- WHAT THE EXERCISE ASKS
The span to repeat in the listing below runs from the line containing "Ak Prien am" to the line containing "2.军团长和副军团长,可以通", inclusive. Repeat it exactly, and only it.

- THE DATA
= = =

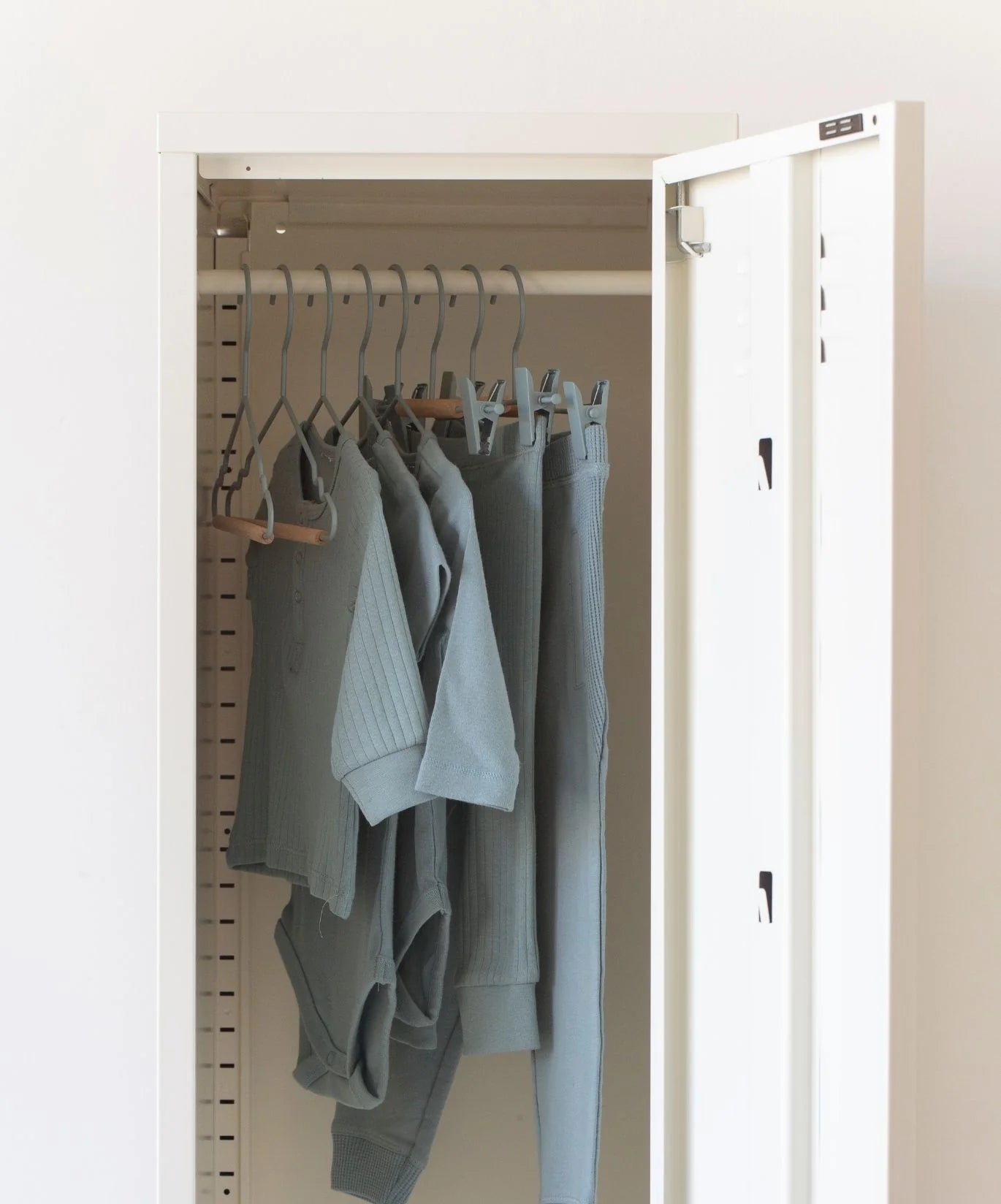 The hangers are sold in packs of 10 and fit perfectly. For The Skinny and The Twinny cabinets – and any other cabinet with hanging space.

= = =

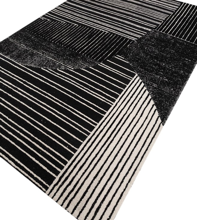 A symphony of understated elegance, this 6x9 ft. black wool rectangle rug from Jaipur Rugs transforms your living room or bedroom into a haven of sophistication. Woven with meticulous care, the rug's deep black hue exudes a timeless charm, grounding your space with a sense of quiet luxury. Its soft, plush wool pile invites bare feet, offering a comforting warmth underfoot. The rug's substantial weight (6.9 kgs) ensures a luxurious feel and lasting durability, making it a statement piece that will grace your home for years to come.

= = =

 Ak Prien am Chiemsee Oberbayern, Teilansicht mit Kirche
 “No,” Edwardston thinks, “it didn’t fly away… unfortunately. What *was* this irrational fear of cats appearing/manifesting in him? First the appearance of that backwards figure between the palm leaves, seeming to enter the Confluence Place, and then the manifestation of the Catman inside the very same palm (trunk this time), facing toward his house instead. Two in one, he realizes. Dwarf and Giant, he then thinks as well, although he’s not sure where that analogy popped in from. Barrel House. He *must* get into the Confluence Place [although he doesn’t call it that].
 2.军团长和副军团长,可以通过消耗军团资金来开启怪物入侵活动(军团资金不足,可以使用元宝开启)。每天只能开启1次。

= = =

- RESPONSE TO THE TASK
 Ak Prien am Chiemsee Oberbayern, Teilansicht mit Kirche
 “No,” Edwardston thinks, “it didn’t fly away… unfortunately. What *was* this irrational fear of cats appearing/manifesting in him? First the appearance of that backwards figure between the palm leaves, seeming to enter the Confluence Place, and then the manifestation of the Catman inside the very same palm (trunk this time), facing toward his house instead. Two in one, he realizes. Dwarf and Giant, he then thinks as well, although he’s not sure where that analogy popped in from. Barrel House. He *must* get into the Confluence Place [although he doesn’t call it that].
 2.军团长和副军团长,可以通过消耗军团资金来开启怪物入侵活动(军团资金不足,可以使用元宝开启)。每天只能开启1次。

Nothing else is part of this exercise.